The tunnel, which first carried steam-powered tube trains, is approaching a much-needed face-lift which will coinciding with the Jubilee line extension.

London Transport has developed a reputation amongst heritage groups for clumsiness since it ripped out 1,100 station signs, some from listed buildings, and auctioned them last year.

Earlier this month LT was criticised for felling too many trees in its eagerness to keep the fabled leaves off the line.

"We shall be keeping a careful eye on them," said Nicholas de Salis, chairman of the Brunel Exhibition at Rotherhithe.

Colonial touch at Oxford Hot on the tracks of London's motorcycle taxi service, a rickshaw service is starting in Oxford to transport tourists and, hopefully, regular passengers around the increasingly restricted city. It is run by Erica Steinhauer, an enthusiastic former hippy who set up a bead importing company in the 1980s which developed a turnover of £250,000 before folding when her marriage collapsed and big customers pulled out.

She and her 17-year-old daughter are currently raising money, up to £85,000, through Henley-based Venture Capital Report. They hope to buy 15 brightly decorated, two-seater rickshaws imported from India. They will be operated from a city centre kiosk selling exotic goods. Ms Steinhauer is also hoping to develop an innovative kinetic spring that will help exhausted students to start the heavy vehicles rolling.

The scheme has faced challenges, aired in the local newspapers, from taxi drivers, town planners and those resentful of the rickshaws' colonial connotations. But Ms Steinhauer is convinced that, with car bans spreading and 2 million visitors flocking tothe university city, the service will be a success. "I suppose some would regard our venture as unsafe, demeaning and exploitative," the former bead-seller admits. "But we think it will reduce congestion in a beautiful city and provide employment."

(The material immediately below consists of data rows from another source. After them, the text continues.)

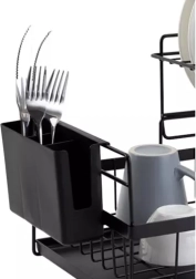 Sunt incluse coșul detașabil pentru tacâmuri cu două compartimente separate pentru o organizare clară și tava de scurgere ușor de spălat, care colectează apa și menține blatul de bucătărie uscat. Finisajul universal negru și liniile curate în stil loft se potrivesc perfect atât în bucătării moderne, cât și clasice.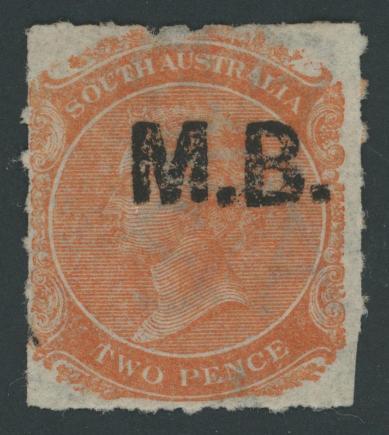 BLACK OVERPRINT: 'M.B.' on QV De La Rue Large Star Wmk Rouletted 2d red-orange SG DO338a, rouletting on all sides, Port Adelaide cds with indistinct date, Cat £250. Rated RRR; unrecorded unused. Ex Keith Harrison: sold for $1165 (Sale 183 Lot 516). RPSV Certificate (2013). Superior to Don Pearce's example - small defects - that sold for $323 (Sale 247 Lot 503). [Date range -.10.1870 to 26.7.1871] (Image1)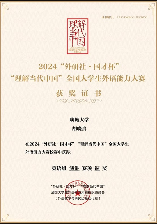 澳门十大电子官网胡晓真同学在2024外研社国才杯全国大学生外语能力大赛荣获校赛演讲铜奖,对该获奖同学予以祝贺表彰。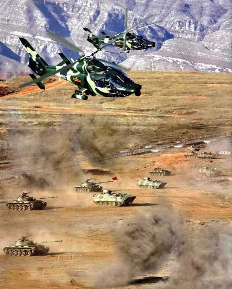 資料圖:中國(guó)陸航部隊(duì)武直九G攻擊直升機(jī)支援陸軍裝甲群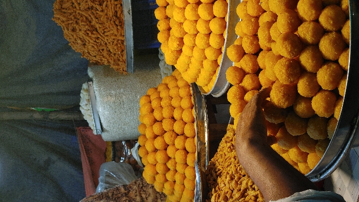 The image displays a densely packed market stall in Narayanganj, Bangladesh. In the foreground, a dark-skinned human hand, partially visible with a white sleeve cuff, is positioned above a large, round, silver-colored metal tray overflowing with numerous spherical, bright yellow-orange sweets. To the left and slightly behind, two additional similar trays present identical conical mounds of these yellow-orange sweets. Further left, a quantity of lighter yellow-brown, elongated fried snacks is visible in a separate container. In the background, on the right, a large tray holds a substantial mound of dark orange, textured, stick-like fried snacks. Centrally in the background, a large, light-colored sack filled with granular items supports a smaller, rectangular metal tray containing white, elongated sweets or snacks. The entire scene is set against a dark, textured fabric backdrop, with a vertical support pole and a green strip visible on the left. The environment suggests an active commercial setting with various food items on display.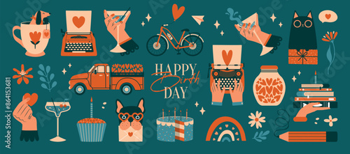 Morning coffee in cafe concept vector poster. People at a table in a restaurant drink tea. Friends meeting for breakfast. People drink hot tea. Table with tea pot and cups.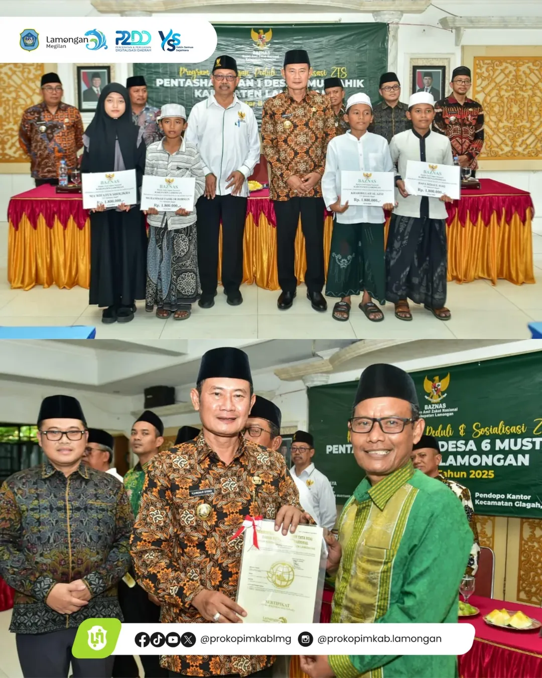 Bertempat di Balai Desa Glagah, Kamis (18/12), Bupati Lamongan, Yuhronur Efendi hadir secara langsung melakukan Pentasyarufan Baznas kepada 300 mustahik dari 29 desa se-Kecamatan Glagah dan 21 desa se-Kecamatan Karangbinangun. Dalam kesempatan tersebut, Pak Yes juga menyerahkan beasiswa santri kepada 6 santri dan 5 sertipikat wakaf masjid.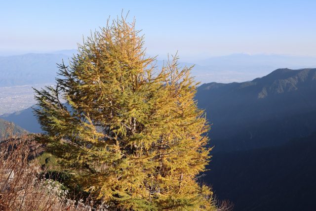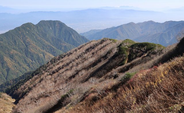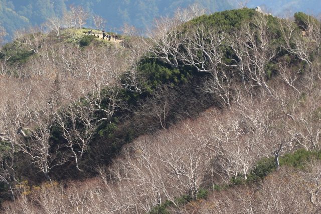 午前中はやや強い東寄りの風が吹いていました。この風の影響だけとは言えませんが、合戦尾根のダケカンバの木々の葉っぱはほぼすっかりなくなっていました。この光景もまた紅葉とは違った美しさがあります。葉っぱがなくなり、視界の良くなった中を歩くのもこの時期ならではの楽しさがあります。

Problems of a larger kind: Concerned staff at sensitive retailers John Lewis are worried that the brand name for the range of larger-sized women's clothes may be a bit on the blunt side. They say that emblazoning the racks with "18-plus" may inhibit browsing, according to a correspondent in the in-house magazine. Mind you, the alternatives the letter-writer suggests are not much better. "Generous Girls" and "Wider Horizons" seem hardly more tactful.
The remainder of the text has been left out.